Professor Michael Mannion
English 12 A
27 October 2013
Is Texting Ruining The English Language? In this weeks video John McWhorter talks about texting. John studies how language has evolved -- and will evolve -- with social, historical and technological developments, in addition to studying and writing about race in America. He argues that we always hear texting is a negative decline or fall in serious literature or writing ability. That texting ruins someone’s ability to write or speak in a grammatically correct way. When In it really doesn’t, language is speech. Speech is much looser, its much more telegropahic. Very different from writing, we tend to see language being written often. That we think that’s what language is.

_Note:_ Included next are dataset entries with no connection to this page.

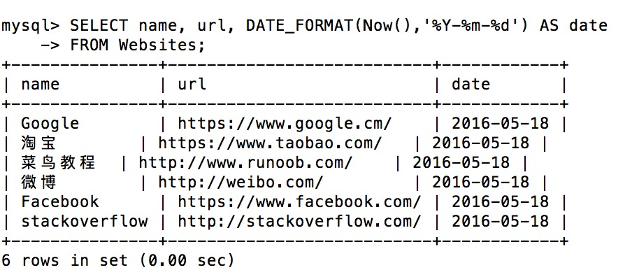 下面的 SQL 语句从 "Websites" 表中选取 name, url 以及格式化为 YYYY-MM-DD 的日期:
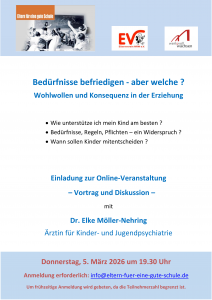 Dies hat auch mit dem zu tun, was viele Eltern unter „bedürfnisorientierter Erziehung“ verstehen. Eine Online-Veranstaltung mit Frau Dr. Elke Möller-Nehring, Ärztin für Kinder- und Jugendpsychiatrie, behandelt demnächst diese Thematik. Hier können Sie sich anmelden!
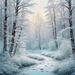 Vinterlandskab med sneklædte træer
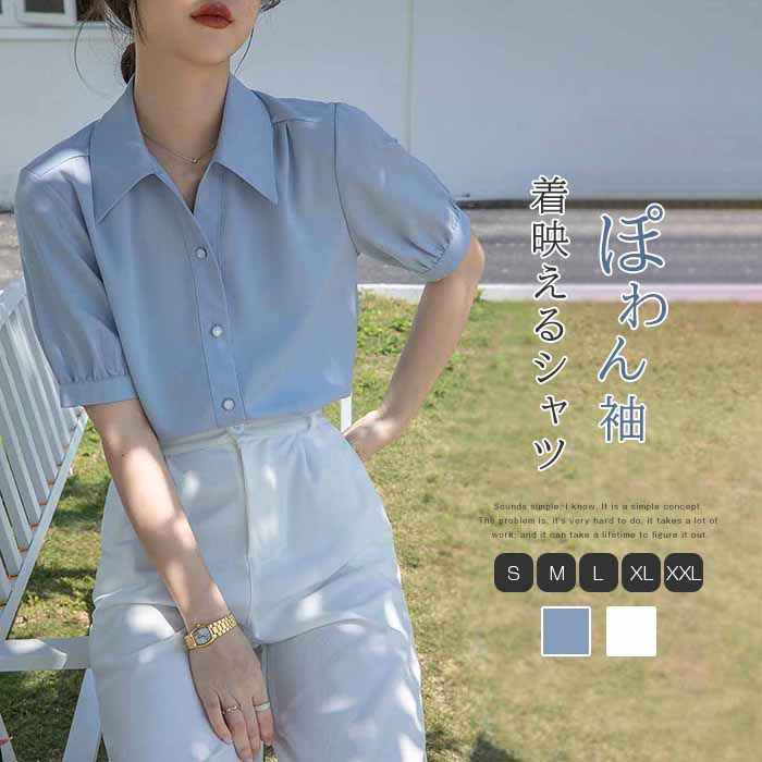 シャツ レディース 夏 シャツブラウス トップス 半袖 レディースシャツー 半袖トップス 夏シャツ 無地 エレガント カジュアル パフスリーブ パフ袖 ギャザー 薄手 涼しい 大人可愛い お トレンド
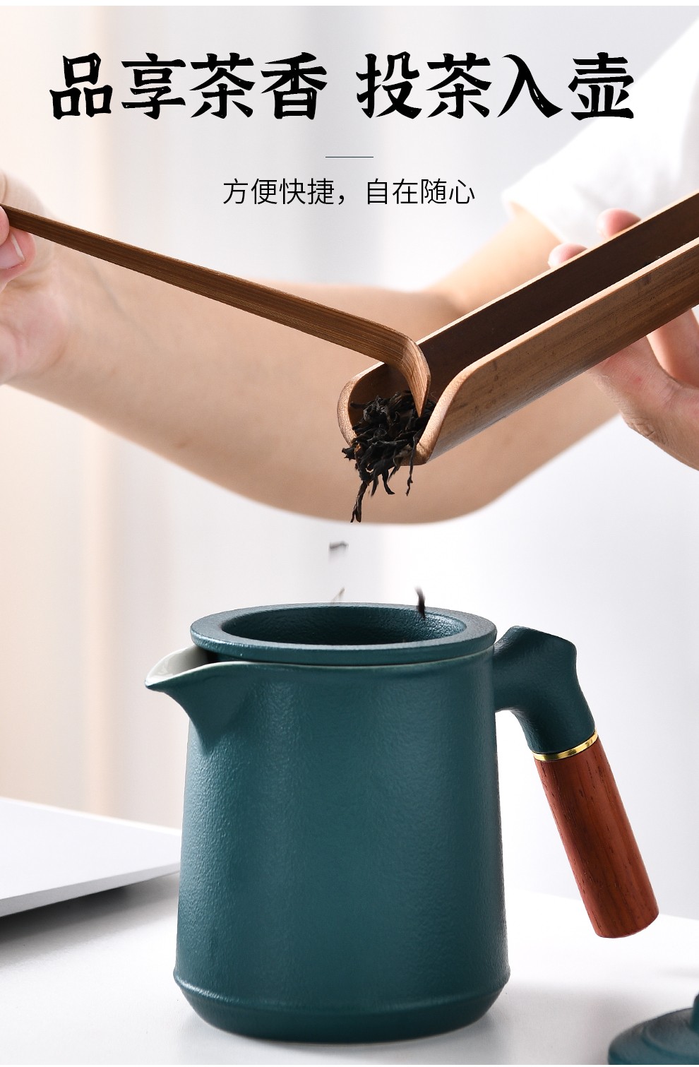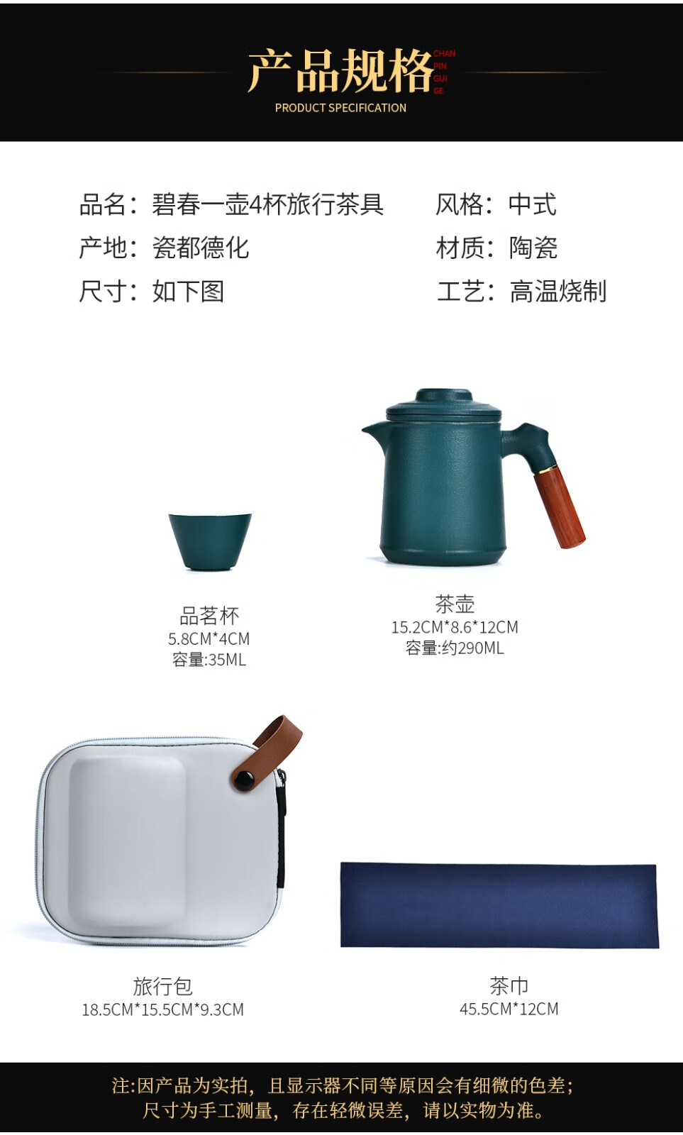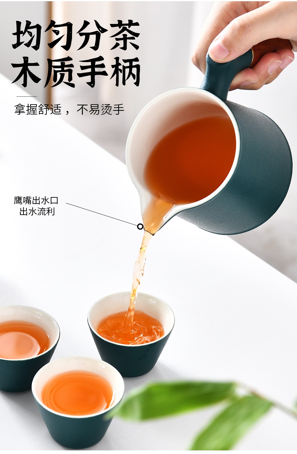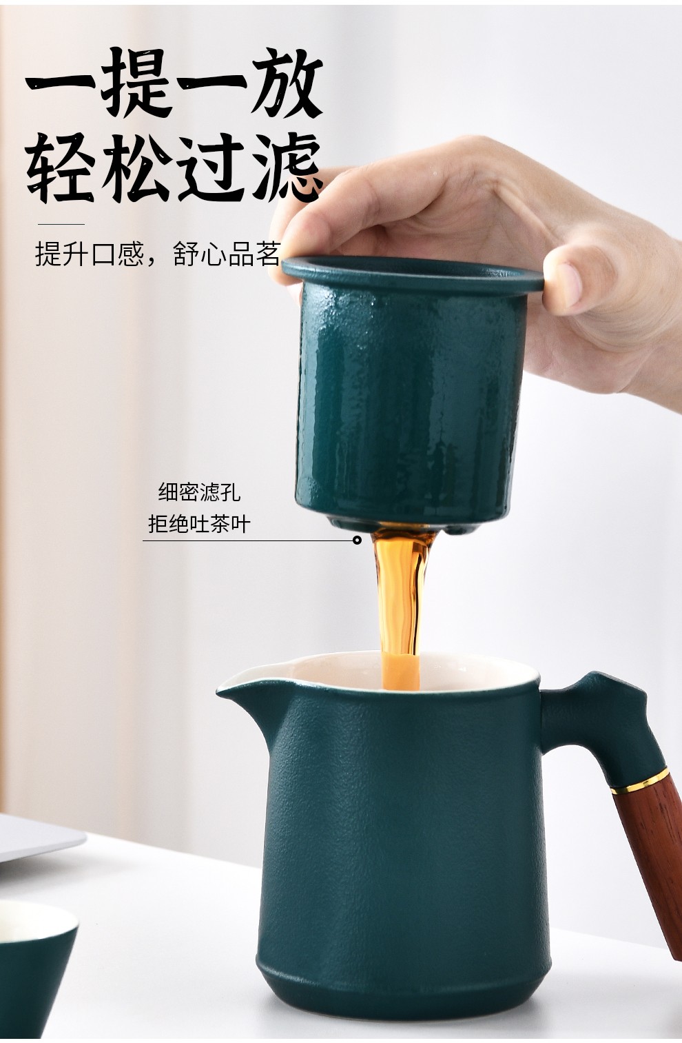 Qixuanyuan Travel Tea Set Portable Kung Fu Tea Set Quick Cup Ceramic Teapot Tea Cup Anti-scalding Outdoor Customized LOGO Zisha Mountain Shadow Handheld Pot Three Cups 4-piece Set

He then proves his point by saying texting is very loose in its structure. No one thinks about capital letters or punctuation when they text. Same goes for speaking, no one thinks about capitalizing letters during a speech. Although Texting has the mechanics of writing, Texting is basically “fingered speech”. John compares texting to a new type of language that has new structure. He then concludes that the way he sees texting is a whole new way of writing that young people are developing. That we are using alongside our normal writing skills, which is an example of being bi-dialectal. I completely agree with John, when I text it is completely different as to when I write an essay. Texting flows smooth and easy like a speech. My writing of course differs in terms of grammatical issues. I have to add punctuations and capitalizations but, I don’t have to worry about that in texting because, it is a form of speech! So is texting ruining the beautiful American language? No it is not because, texting is another form of speech!